Government conspiracy heat wave or no government conspiracy heat wave, this summer is setting records — not just record maximum temperatures, but also record minimums. On June 27, Oman recorded the world’s highest ever minimum temperature when the mercury failed to drop below 107.1 degrees F, even overnight. And that’s more important, in a global sense, than the record highs.
A few things too-often glossed over in discussions of what climate change is doing to temperatures the world over:
1. In many cases, nighttime minimum temperatures are rising faster than daytime maximums, narrowing the gap between average daytime and nighttime temperatures even as both rise. And here's an excellent map-based representation of what this is doing to the U.S.
2. It's nighttime temperatures, not daytime highs, that kill people.
The biggest concern for heat-related illnesses and deaths isn't during the daylight hours when temperatures can penetrate triple-digits, but rather overnight when the mercury doesn't fall below 80 degrees, said Zachary Thompson, Dallas County Health Department Director.
"Everybody normally focuses on that daytime temperature, but that nighttime temperature brings us to a deadly level that is a concern, because at night, there's no cooling off," he added.

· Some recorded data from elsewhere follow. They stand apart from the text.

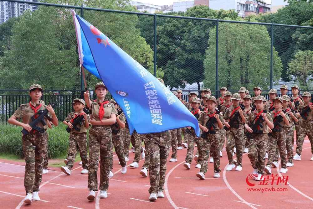 “砰!”随着火箭筒飞向空中炸开,火圈在操场两侧熊熊燃起,身着迷彩服的少先队员们进入了模拟战场,开展模拟拯救人质军事训练与展示。现场还展示了《旭・风华正茂》《刺杀操》《旗武少年行》《应急棍》等多项节目,一招一式中满是少年锐气。
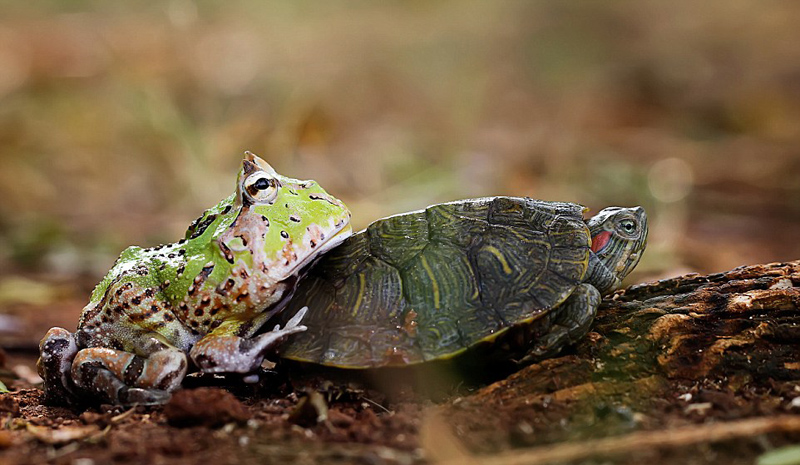 似乎是觉得乌龟爬行实在太慢,最终,这只青蛙终于忍受不了,从乌龟背上跳下,伸出爪子开始推着乌龟前行。
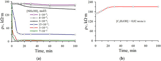 Using the example of ammonia solution (Figure 11a) and ethanol (Figure 11b), the nature of the change in the volume electrical resistance of metal-filled pHEMA-gr-PVP copolymers depending on the residence time in the mentioned environments was studied. For the zinc-filled copolymer, a noticeable change in electrical conductivity is observed during the sorption of low molecular weight substances.
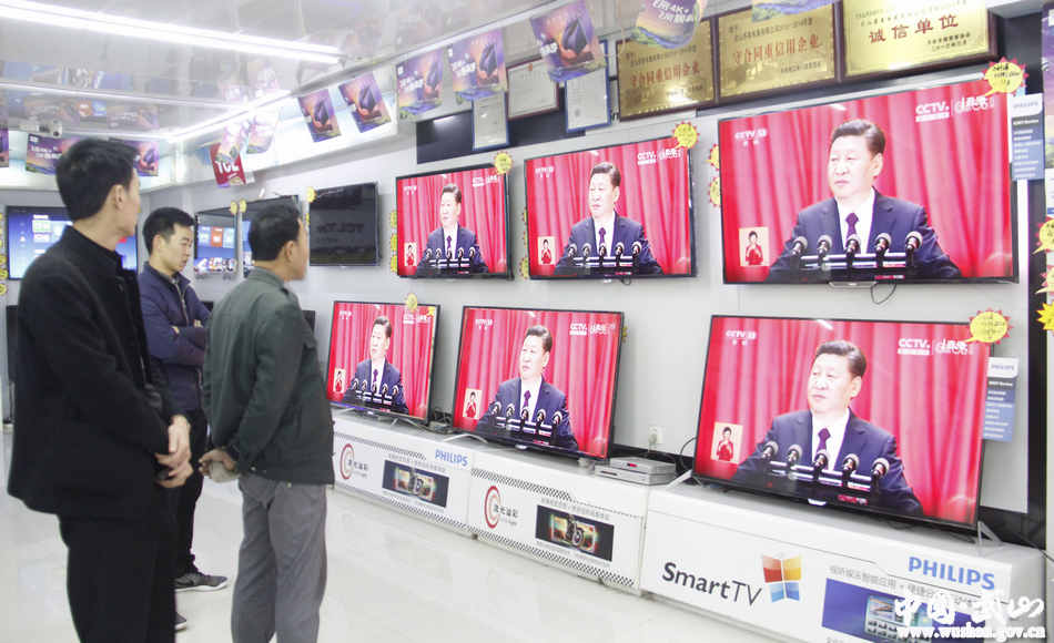 (武山县苏美电器销售部员工和顾客收看党的十九大开幕会盛况) |

This is the reason 5,000 people died in Paris in 2003. And the more people use air conditioning, the worse the urban heat island effect that kills people becomes.
3. Up to a point, higher daytime temperatures actually increase yields of rice, which is the staple food for billions of people. But higher nighttime temperatures decrease those yields. Like people, growing rice needs to cool off overnight.
Increasing nighttime temperatures are therefore a double threat, to both public health and food security, and they are rising faster than daytime highs. While new maximum temperatures grab the headlines, it's the record-breaking minimums that are more likely to be one of the four horsemen of the coming climate apocalypse.